One of our pastors preached on the gospel this morning. It was a beautiful and powerful message, as any true presentation of the gospel will be. He was talking about how Jesus in the garden of Gethsemane was deserted, how even his three closest friends did not stay awake to pray with him in his darkest moment of need. As a man facing the cross, Jesus prayed out of his humanity’s weakness, anguishing, asking God if there was any other way for redemption to be fulfilled; but if there was not, he affirmed he was surrendered to God’s will, not his. God did not answer Jesus’ prayer that night in the garden. The cross was the only way, and though Scripture tells us that Jesus could have at any moment called twelve legions of angels to rescue him, he did not. Jesus allowed himself to be forsaken by God that I might not be, that you might not be. He watched the very people he created, loved and came to redeem scream out, “Crucify him!” He watched his closest companions and friends run away in fear when he was wrongly accused. He didn’t have to, but yet he went to the cross, to redeem them, to redeem us – so great is His love toward us! 1 John 4:10,19 - "This is love: not that we loved God, but that he loved us and sent his Son as an atoning sacrifice for our sins. ... We love because he first loved us."

I was struck very deeply this morning about the reality of who I would be likened to in that story. I know all too well in my heart that I too would have fled in a moment, because I see so clearly in my life today how I still flee in those moments. My actions often show that I am still ashamed of the gospel, ashamed of the shame my Lord bore, that I also am unwilling to give all to follow in His footsteps, no matter the cost. I still love my reputation and my freewill more than my Saviour, who I claim I love one moment, but desert the next. That’s why this morning when my pastor said of the Jews that they crucified him because “they did not realize he was the Son of God”, it hit me like a ton of bricks. I too often do not realize that Jesus Christ is the Son of the Most High God. I forget the high cost of what he gave for me, and am so quick to take it lightly because of its familiarity.
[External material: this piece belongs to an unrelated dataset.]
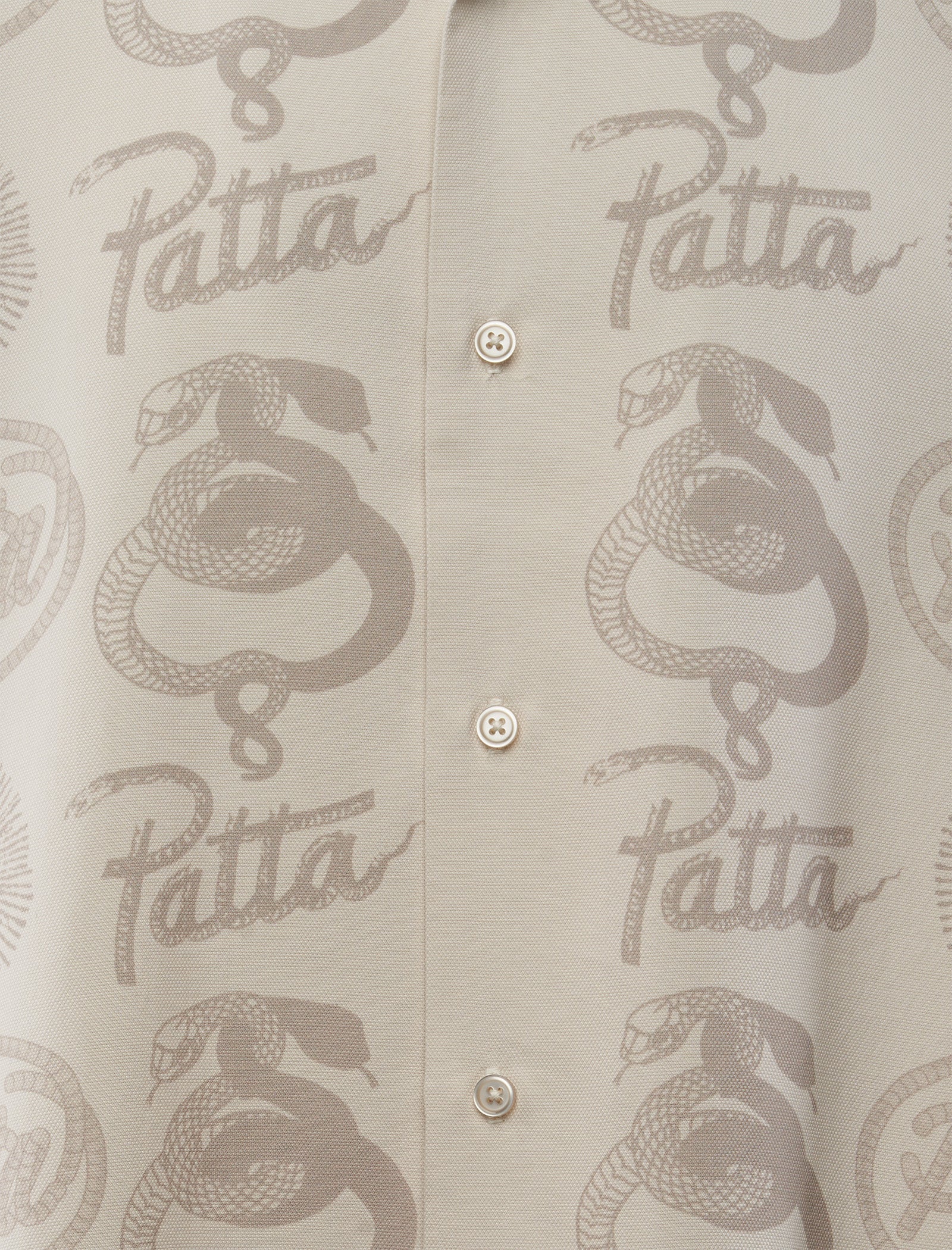 Patta Serpentes Polo blends sporty tailoring with bold snake-inspired graphics, crafted from breathable cotton pique. It offers sharp style, relaxed comfort, and standout street-ready flair.

In communion this morning God impressed upon my mind a visual image of how to this day I forget Jesus is the Son of God and slap him often in the face as though his sacrifice was little to me. Every time the Spirit whispers, or the Word presses upon me to obey God, and I instead choose my own way, my own desires, my own will, I have effectually slapped my Lord’s face and said, “My way, not yours!” When it doesn't cost me more than I think it should, I stick with Jesus with all the fire and gumption of Peter when he claimed he’d die for Jesus if it came to it; but in the moment of testing, I cower and hide. I am no better than the disciples who ran, Peter who denied, or the Jews who spat on Him.
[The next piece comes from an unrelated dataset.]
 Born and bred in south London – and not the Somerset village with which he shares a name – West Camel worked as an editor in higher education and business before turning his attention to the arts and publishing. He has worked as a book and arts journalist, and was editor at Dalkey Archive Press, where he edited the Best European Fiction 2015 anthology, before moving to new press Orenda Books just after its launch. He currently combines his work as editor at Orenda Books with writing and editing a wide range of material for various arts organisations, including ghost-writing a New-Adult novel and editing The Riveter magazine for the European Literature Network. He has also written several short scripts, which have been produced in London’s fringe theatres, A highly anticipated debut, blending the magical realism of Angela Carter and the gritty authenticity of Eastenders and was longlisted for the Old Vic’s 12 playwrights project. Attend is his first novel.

Paul says in Romans 1:16a – “I am not ashamed of the gospel, because it is the power of God for the salvation of everyone who believes.” Oh that I might not forget that Jesus Christ is the Son of God who bore the weighty punishment for my sin that I might have a relationship with God - one that is as intimate and lovely as any relationship imaginable. May I not forgot that his shame, his cross, purchased my very life because He loves me! How can I, knowing this, refuse to face the possible shame I might incur in this world if I stand for Him? Because the truth is, that cross did not just cause the Son of God’s death – He also ROSE, conquering sin and the grave once and for all, that now anyone who trusts in Jesus as His Saviour has eternal life. Jesus is the Living One, the Son of God, my Saviour, my Friend. He is with me this moment as real as this computer is to me. This is not just some belief system, some religion or a lifestyle I hold to. The gospel message is truth, it is reality - not mere story, fable or conjecture. Jesus Christ the Son of God is alive and He is my Saviour. My life – words, actions, attitudes, all! – ought to scream of this! I will never be ashamed of the gospel when I strive to remember every moment with the deepest recollection that the good news of what Jesus Christ accomplished on the cross truly is “the power of God for the salvation of everyone who believes!”